Supplied information: Begin
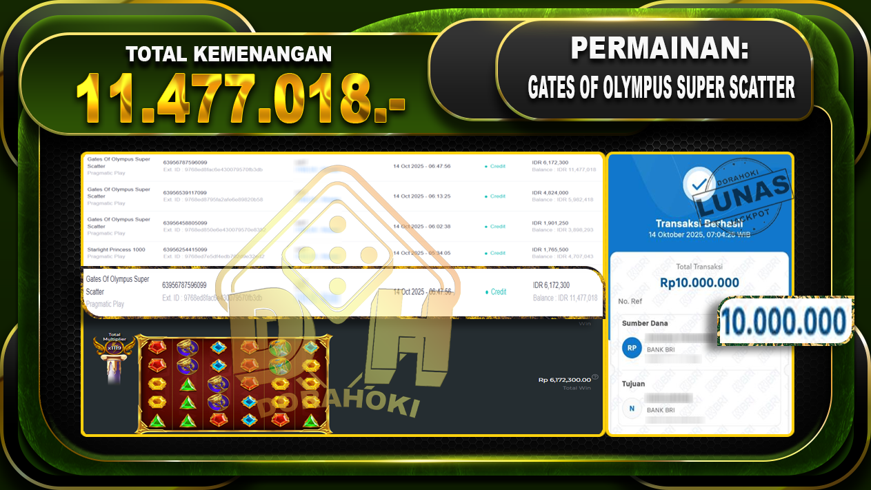 Bukti JP Gates Of Olympus Super Scatter – ucapkan selamat kepada user id nrxxx atas kemenangan di Gates Of Olympus Super Scatter dengan total kemenangan Rp.11.477.018,- Yang pasti nya langsung LUNAS sesuai bukti ya bosku. Dorahoki nih bosku berapapun akan tetap kami bayar lunas ya bosku
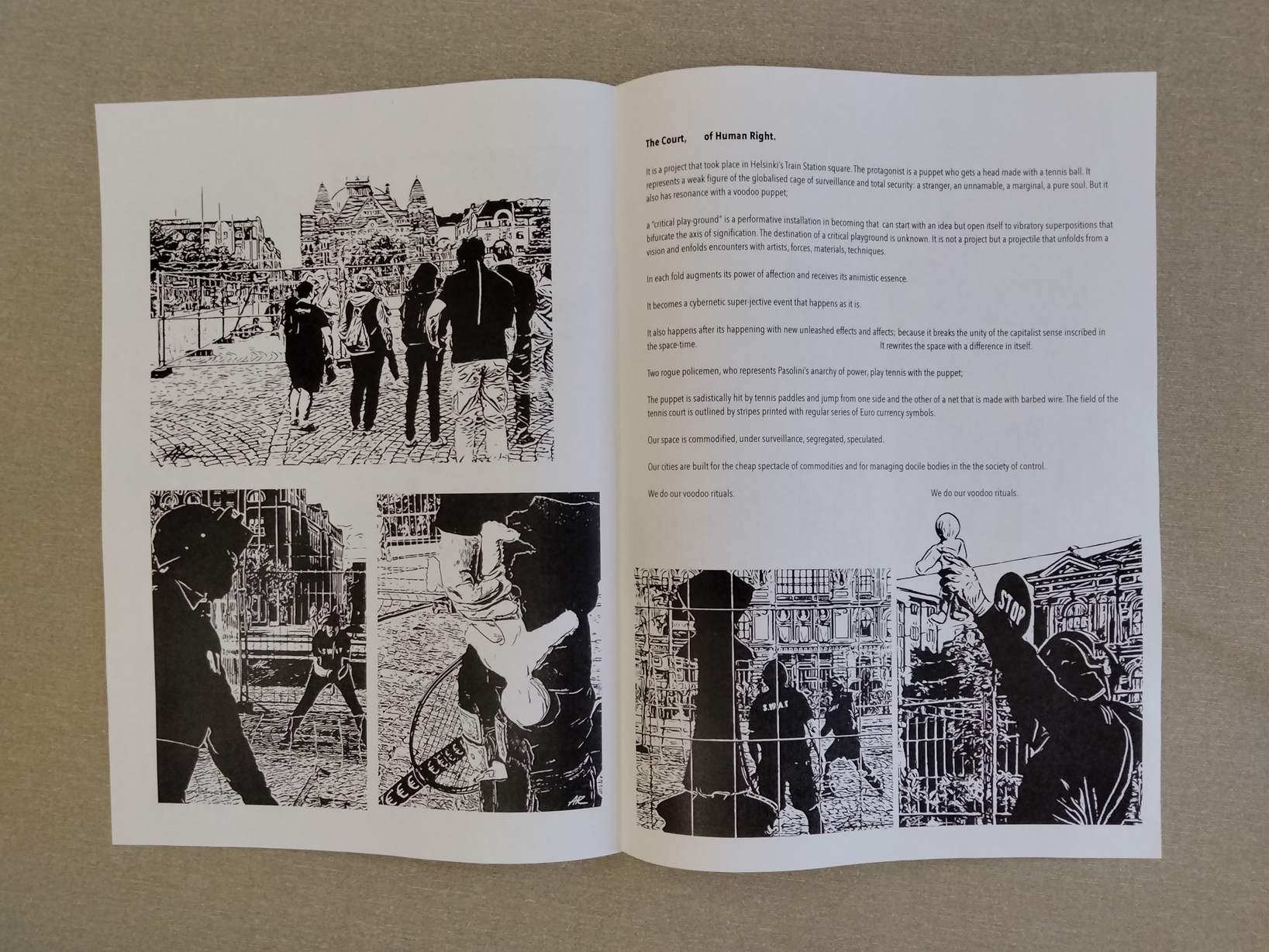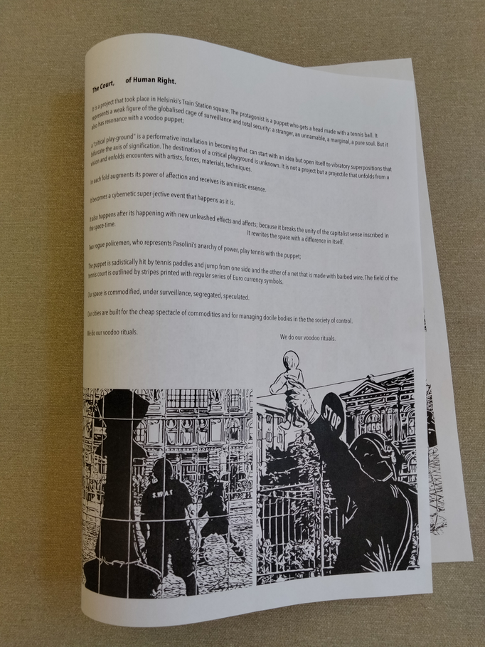 For what concerns my example of "graphic novel clandestine press” I will show images elaborated by my last critical playground the “Court, of Human Rights.” Here the Court is a “tennis court” where two policemen play sadistically with a weak subject (a puppet with a tennis-ball head)…The puppet can represent a stranger, a soul, an exiled, an unnamable stranger…but also a voodoo puppet …) The text of the clandestine newspaper will be short, in a way academic, but with the lyric style of the art manifesto. Otherwise it loses the feature of artworks and does not fit with the “graphic novel” style. One must find a mediating language that is proper to the scope of a new medium and its use. The intervention “The Court, of Human Rights” is conceived, produced, installed and performed by the artists Gian Luigi Biagini and John Dunn but photographed and elaborated by the artist Arja Reiman. The “graphic novel clandestine press” is an idea by Gian Luigi Biagini but the Anartist assemblage, that is a singular but pluralist assemblage, is to start a becoming and enfolding encounters as potentialities. The subject of the doing becomes a desiring super-jective Event that acquires its animistic power into an “objectile” (Deleuze, 1992) in becoming. Here is a wave of black magic that works in the process; we are only witches and shamans that follows-creates the “immanentation” of a “spirit”. Each of my installation-performance is like the emerging of a temple for an inhuman divine-demonic presence. I cannot build the temple all by myself. I need to detach a flow from the block of an inert everyday life. I need to generate a magic flow with its own life that seduces other participants and produces a collective sacred catalysis. I need to prepare the “clearing” (Heidegger, 1998) to host a “mysterious anima”. It’s a rite of possession
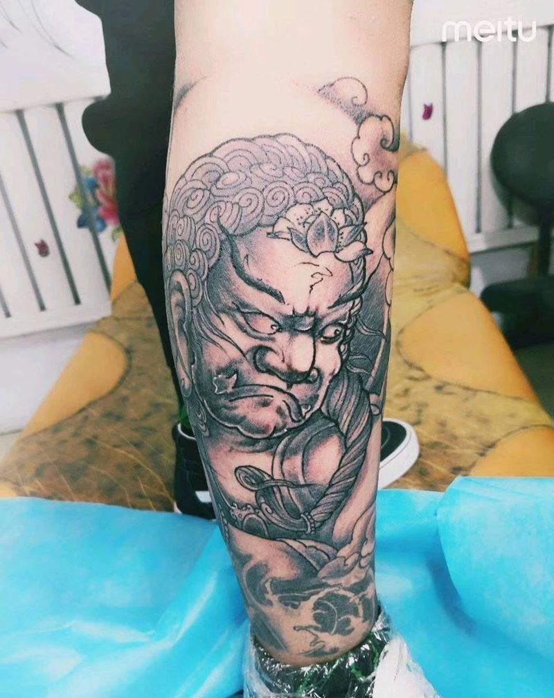 当前位置: 首页 >山东省德州市纹身店-锦绣堂专业纹身纹身图案>不动冥王纹身图片_腿部新传统纹身图案
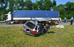 Это произошло на 80 км дороги "Харьков – Красноград – Перещепино". Водитель легковой машины Audi Q7 не справился с управлением и врезался в грузовик Renault Premium, припаркованный у дороги.
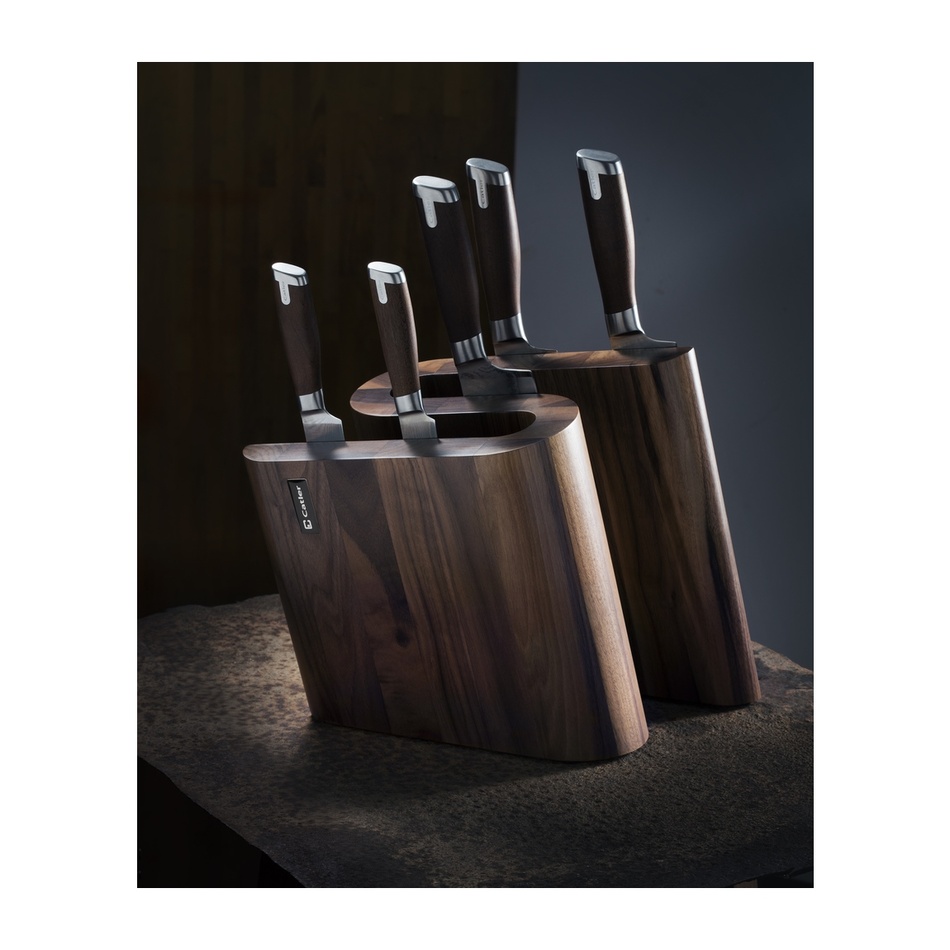 Nezaměnitelná kresba vysoce kvalitního dřeva z ořechu a rafinovaný vzhled z dílny italských designerů činní z tohoto magnetického držáku na nože umělecké dílo. Díky silnému magnetu udrží až 10 velkých nožů – pevně, bez sjíždění. Tento způsob skladování nožů na vzduchu zaručuje jejich hygienickou čistotu bez nežádoucí vlhkosti. Navíc máte nože na očích a víte hned, po kterém sáhnout.Dodáváno bez nožů.
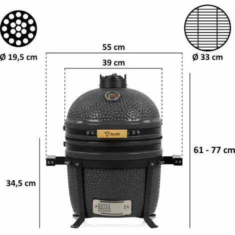 – La consegna comprende: 1x griglia kamado con piedini in ghisa, 1x griglia per la carbonella, 1x griglia per il grill, 1x coperchio di protezione
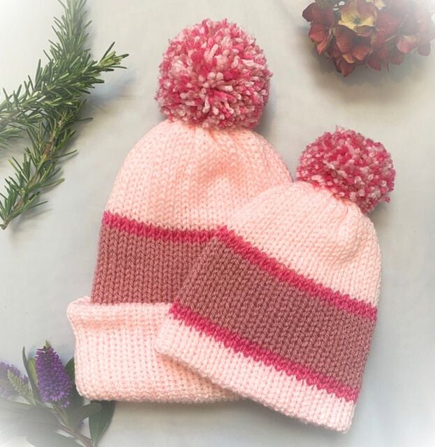 I adore seeing young children twinning with their parents / carers, so I wanted to create something practical and cosy of my own. So, using the three pink shades of yarn I had available, I set about making a matchy set just for you, with pom-poms of course!
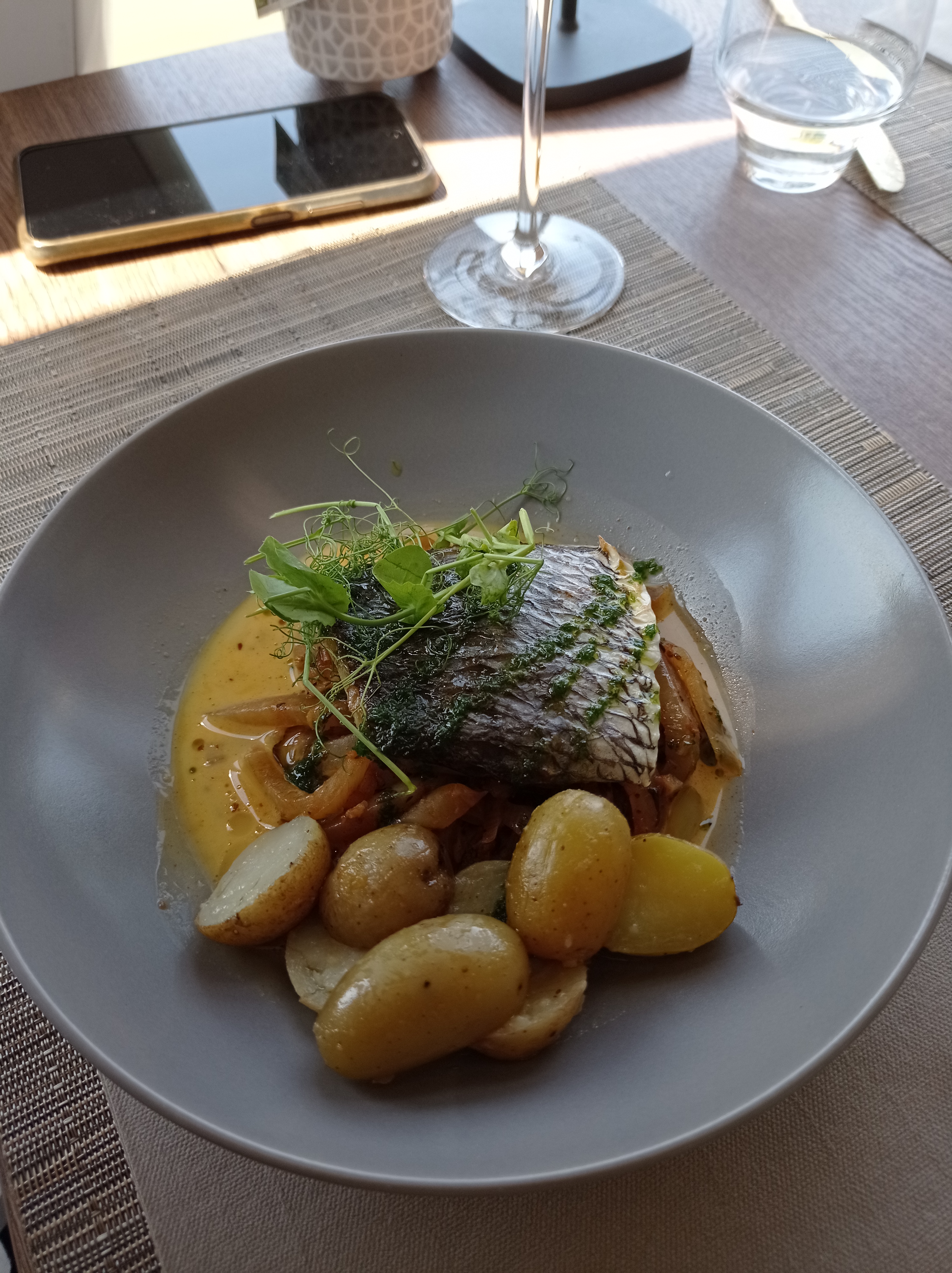 Nous J'y suis allé pour le déjeuner. Il y avait le menu recommandé. C'était très savoureux. Le poisson était cuit à la perfection. Les plats d'accompagnement étaient tous fraîchement préparés. Le dessert s'est terminé avec succès. Le vin rouge recommandé s'est bien accompagné du repas. Un très bon bateau restaurant. A bientôt.
Supplied information: End
> **What you have to do**: Look above for the line containing "当前位置: 首页 >山东省德州市纹身店-锦绣堂专业纹身纹身图案>不动冥王纹身图片_腿部新传统纹身图案", then copy exactly from it through the line containing "coperchio di protezione", keeping both and leaving out pictures. Add nothing else.

> **Task solution**:
 当前位置: 首页 >山东省德州市纹身店-锦绣堂专业纹身纹身图案>不动冥王纹身图片_腿部新传统纹身图案
 Это произошло на 80 км дороги "Харьков – Красноград – Перещепино". Водитель легковой машины Audi Q7 не справился с управлением и врезался в грузовик Renault Premium, припаркованный у дороги.
 Nezaměnitelná kresba vysoce kvalitního dřeva z ořechu a rafinovaný vzhled z dílny italských designerů činní z tohoto magnetického držáku na nože umělecké dílo. Díky silnému magnetu udrží až 10 velkých nožů – pevně, bez sjíždění. Tento způsob skladování nožů na vzduchu zaručuje jejich hygienickou čistotu bez nežádoucí vlhkosti. Navíc máte nože na očích a víte hned, po kterém sáhnout.Dodáváno bez nožů.
 – La consegna comprende: 1x griglia kamado con piedini in ghisa, 1x griglia per la carbonella, 1x griglia per il grill, 1x coperchio di protezione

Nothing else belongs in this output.